▶ Aim of the exercise
The records below are to be returned word for word, with pictures left out.

(Records from a data source)
__________
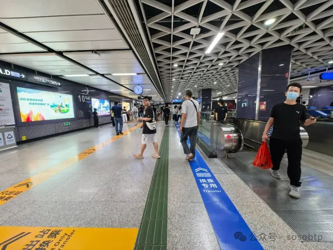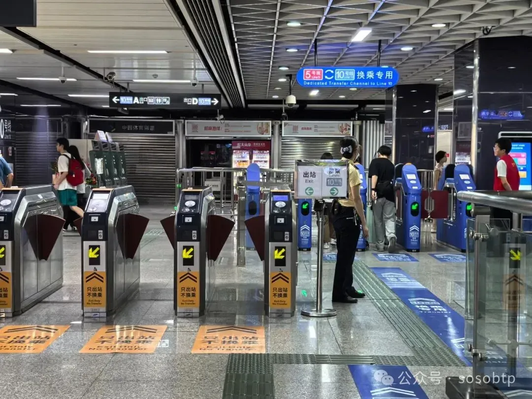 跟着这些引导一直走,就可以找到10号线的地铁口。进站之后再次通过安检,找到蓝色的闸机打卡进入,就能顺利进站了。
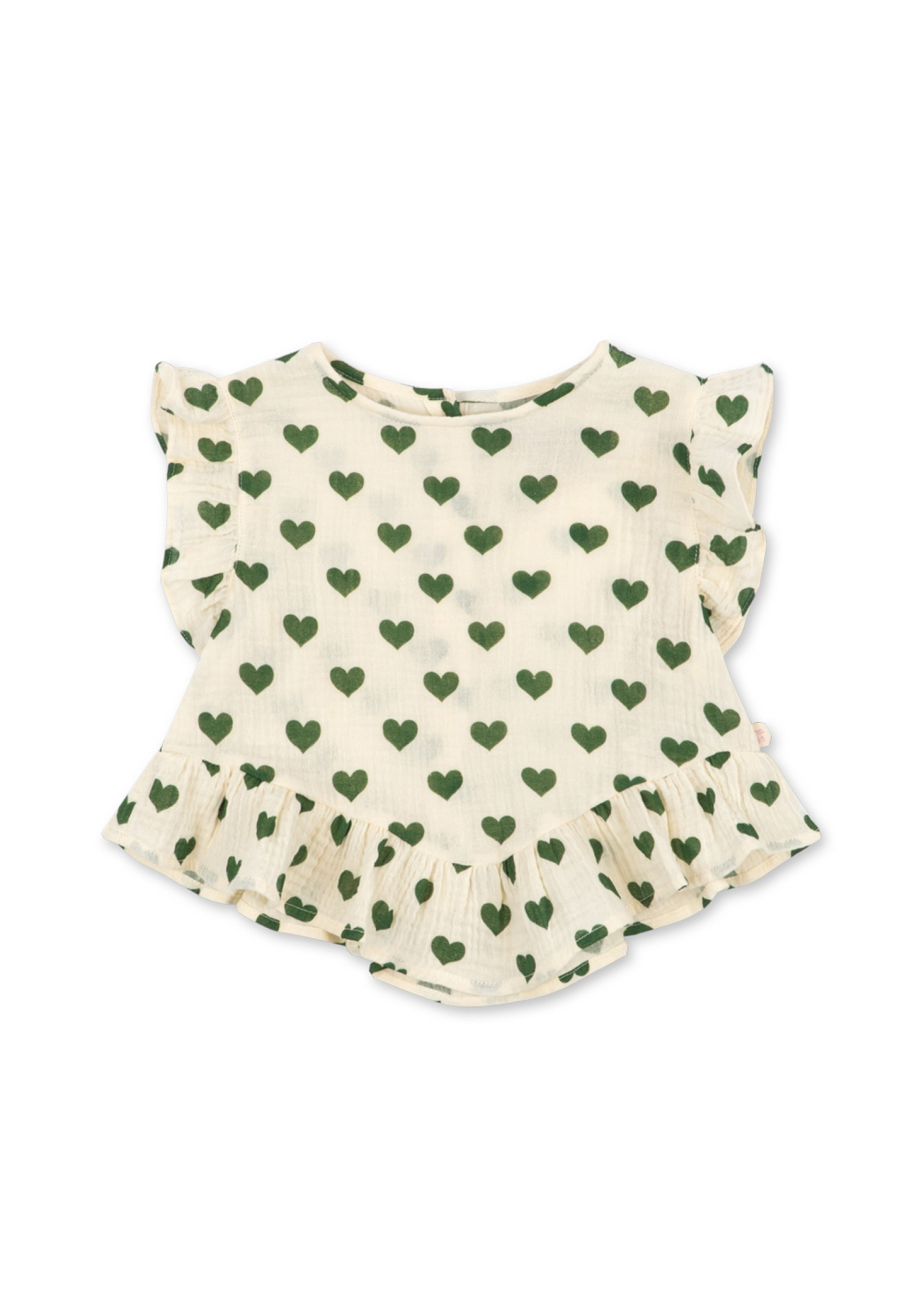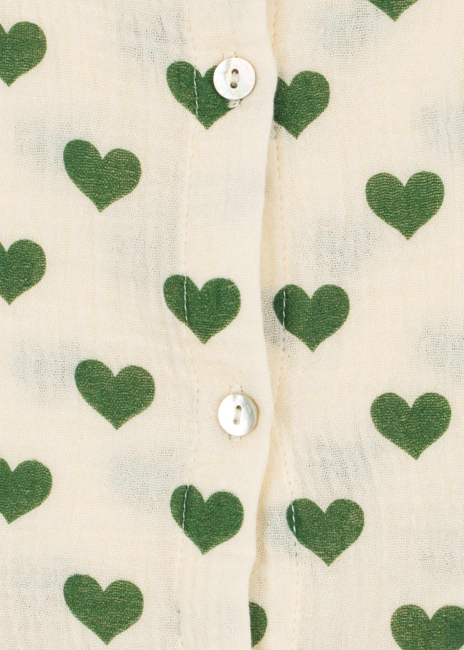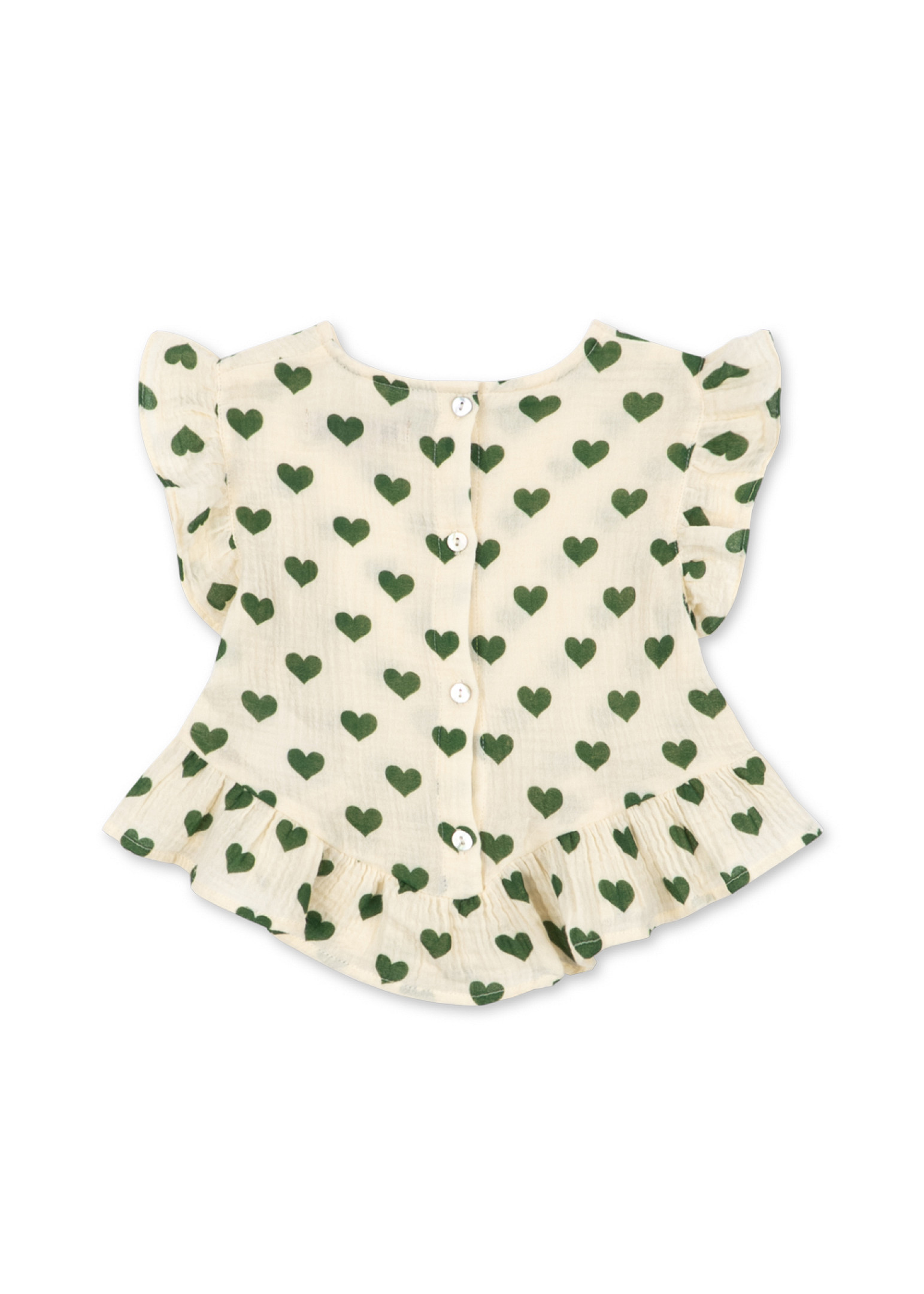 Minkštas viršus iš lengvos ir kvėpuojančios muslino medžiagos. „Coco“ viršus pasižymi subtiliu peplumo siluetu su subtiliu sijono efektu. Užsegamas viena saga nugaroje. Pagaminta iš 100 % ekologiškos medvilnės.
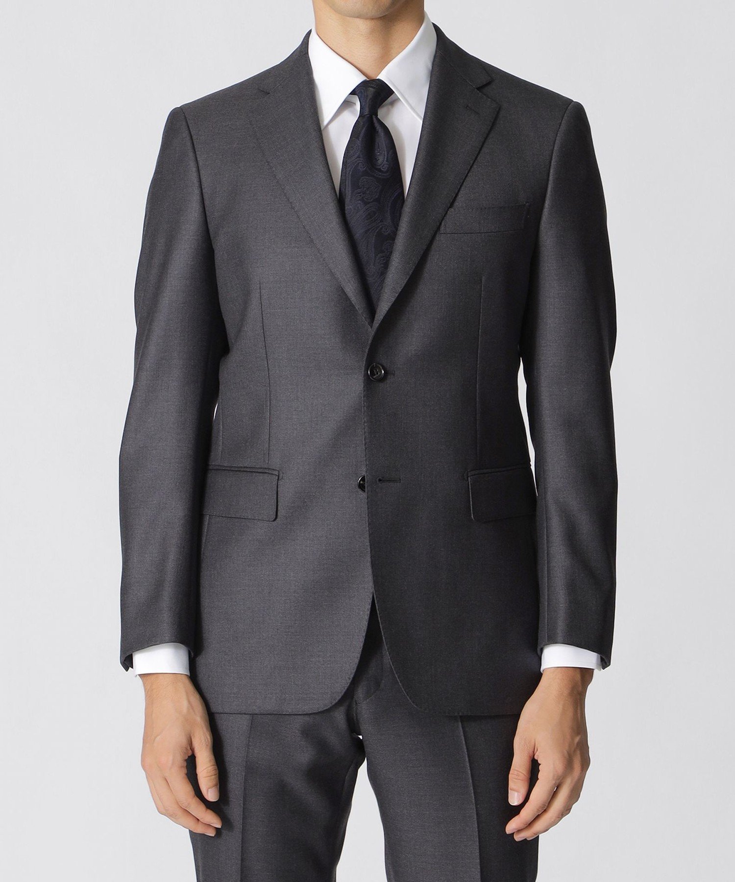 【商品詳細】日本製素材:表地 毛100% (表地スーパー120's使用) 裏地 キュプラ 組下 表地 毛100% (表地スーパー120's使用) 裏地 キュプラサイズ:44L、46L、48L、50L
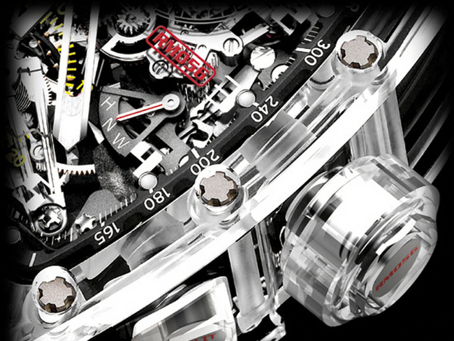 表壳採用整块蓝宝石透明水晶/扭矩及功能显示/鈦合金圆柱齿轮/夹板使用5级鈦合金
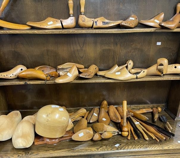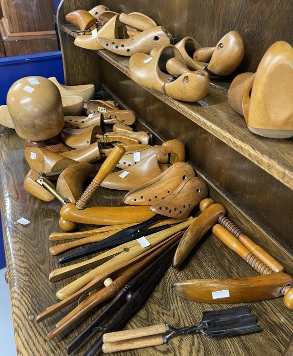 Treen: Cobblers shoe lasts, glove stretchers and a hat block. Approx. 40 items.
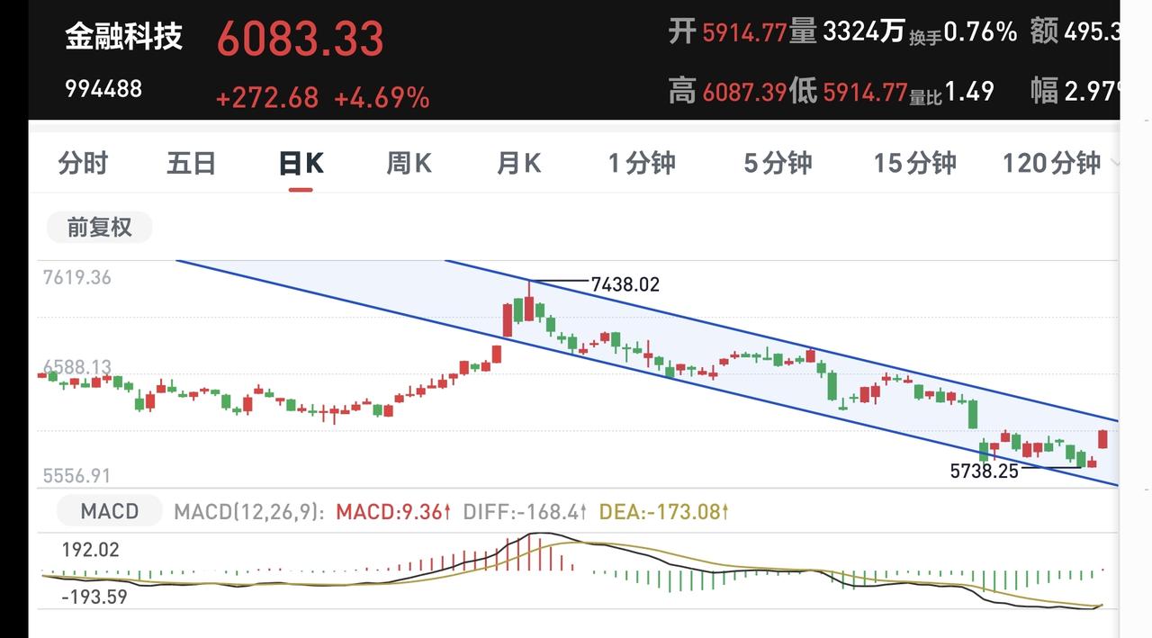 金融科技板块日线级别处于下跌通道中,今天的大涨并没有能够突破这个下跌通道的上轨线,今天的大涨并没有能够改变日线级别的下跌趋势,短线持有的人继续注意风险。
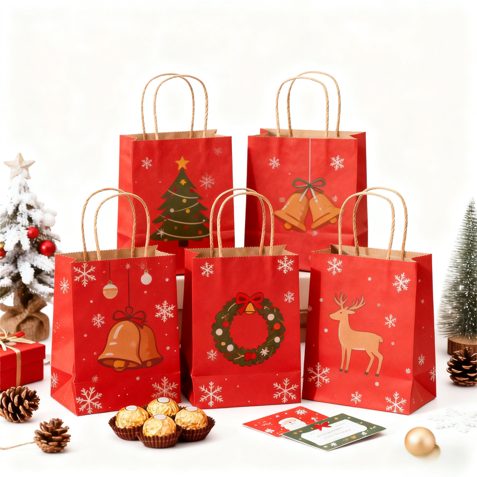 ถุงของขวัญกระดาษคราฟท์สีแดงแบบเป็นมิตรกับสิ่งแวดล้อม ย่อยสลายได้ พร้อมหูหิ้ว สำหรับใส่ของขวัญคริสต์มาส ช็อคโกแลต บัตรของขวัญ บรรจุภัณฑ์แบบกำหนดเอง
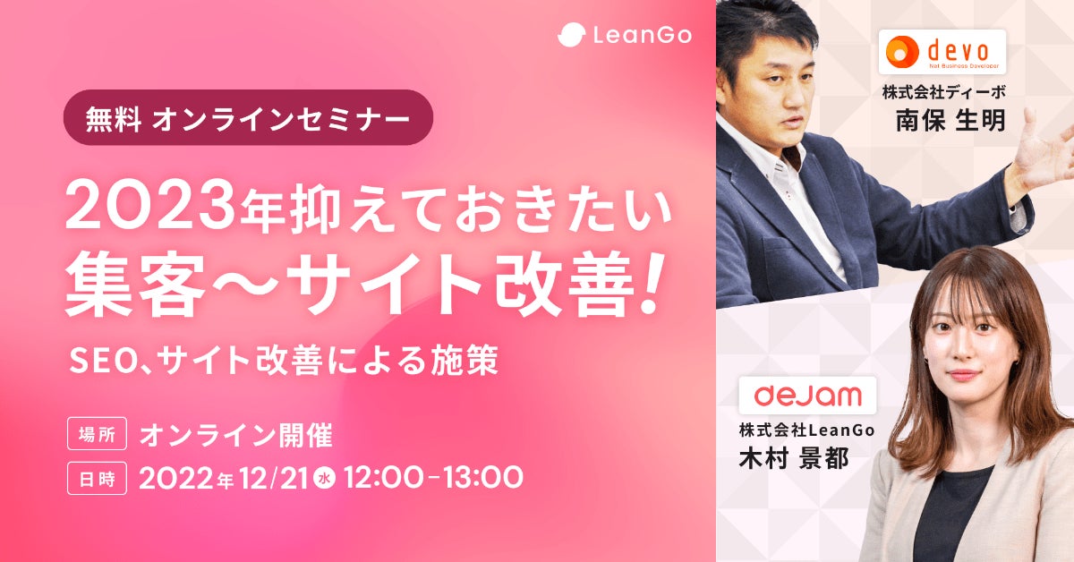 【Webマーケター向けの無料ウェビナー】2023年先取り!今日から実践できるSEO対策〜サイト改善 | LeanGoがディーボと共催
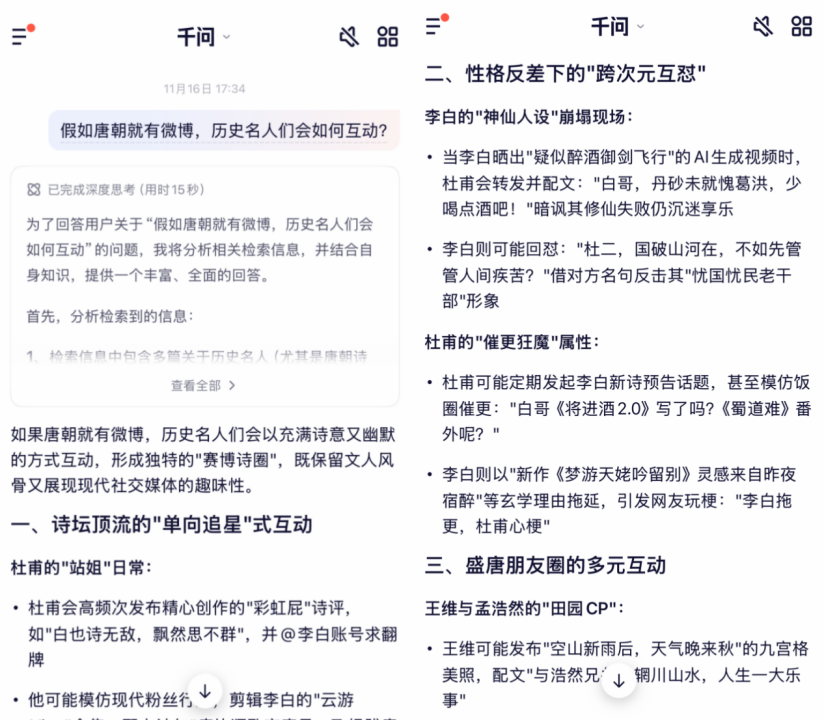 可以看到,千问的答案一开始就精准拿捏李杜的性格反差,然后过渡到王维、孟浩然等不同圈层的互动,再加上了安史之乱的补充,到最后的假想微博体的文化意义。
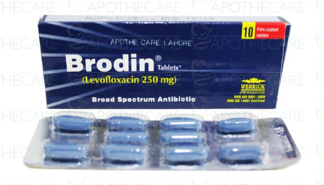 Product Name: Brodin Tab 250mg 10'sProduct Form: TabletsPack Size: 10'sMarketed By: Werrick PharmaceuticalsGeneric Category: Quinolone Anti-BacterialIngredients: Levofloxacin
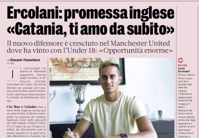 L'edizione odierna della "Gazzetta dello Sport" riporta le dichiarazioni di Luigi Ercolani, nuovo difensore del Catania. Fino alla prima parte...
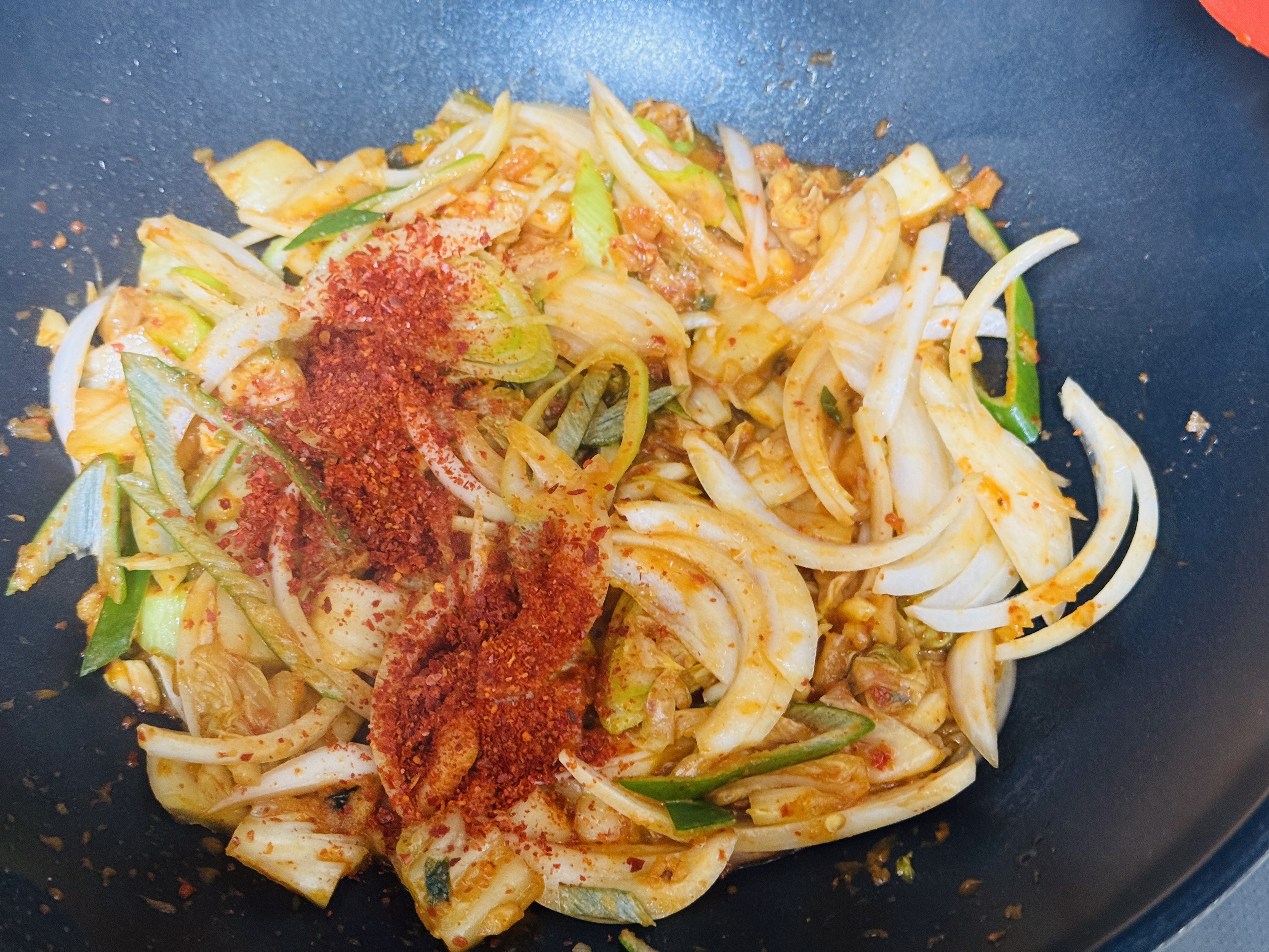 김치가 적당히 볶아지면 양파와 파를 넣어 볶아주세요.
__________
▶ Result
 跟着这些引导一直走,就可以找到10号线的地铁口。进站之后再次通过安检,找到蓝色的闸机打卡进入,就能顺利进站了。
 Minkštas viršus iš lengvos ir kvėpuojančios muslino medžiagos. „Coco“ viršus pasižymi subtiliu peplumo siluetu su subtiliu sijono efektu. Užsegamas viena saga nugaroje. Pagaminta iš 100 % ekologiškos medvilnės.
 【商品詳細】日本製素材:表地 毛100% (表地スーパー120's使用) 裏地 キュプラ 組下 表地 毛100% (表地スーパー120's使用) 裏地 キュプラサイズ:44L、46L、48L、50L
 表壳採用整块蓝宝石透明水晶/扭矩及功能显示/鈦合金圆柱齿轮/夹板使用5级鈦合金
 Treen: Cobblers shoe lasts, glove stretchers and a hat block. Approx. 40 items.
 金融科技板块日线级别处于下跌通道中,今天的大涨并没有能够突破这个下跌通道的上轨线,今天的大涨并没有能够改变日线级别的下跌趋势,短线持有的人继续注意风险。
 ถุงของขวัญกระดาษคราฟท์สีแดงแบบเป็นมิตรกับสิ่งแวดล้อม ย่อยสลายได้ พร้อมหูหิ้ว สำหรับใส่ของขวัญคริสต์มาส ช็อคโกแลต บัตรของขวัญ บรรจุภัณฑ์แบบกำหนดเอง
 【Webマーケター向けの無料ウェビナー】2023年先取り!今日から実践できるSEO対策〜サイト改善 | LeanGoがディーボと共催
 可以看到,千问的答案一开始就精准拿捏李杜的性格反差,然后过渡到王维、孟浩然等不同圈层的互动,再加上了安史之乱的补充,到最后的假想微博体的文化意义。
 Product Name: Brodin Tab 250mg 10'sProduct Form: TabletsPack Size: 10'sMarketed By: Werrick PharmaceuticalsGeneric Category: Quinolone Anti-BacterialIngredients: Levofloxacin
 L'edizione odierna della "Gazzetta dello Sport" riporta le dichiarazioni di Luigi Ercolani, nuovo difensore del Catania. Fino alla prima parte...
 김치가 적당히 볶아지면 양파와 파를 넣어 볶아주세요.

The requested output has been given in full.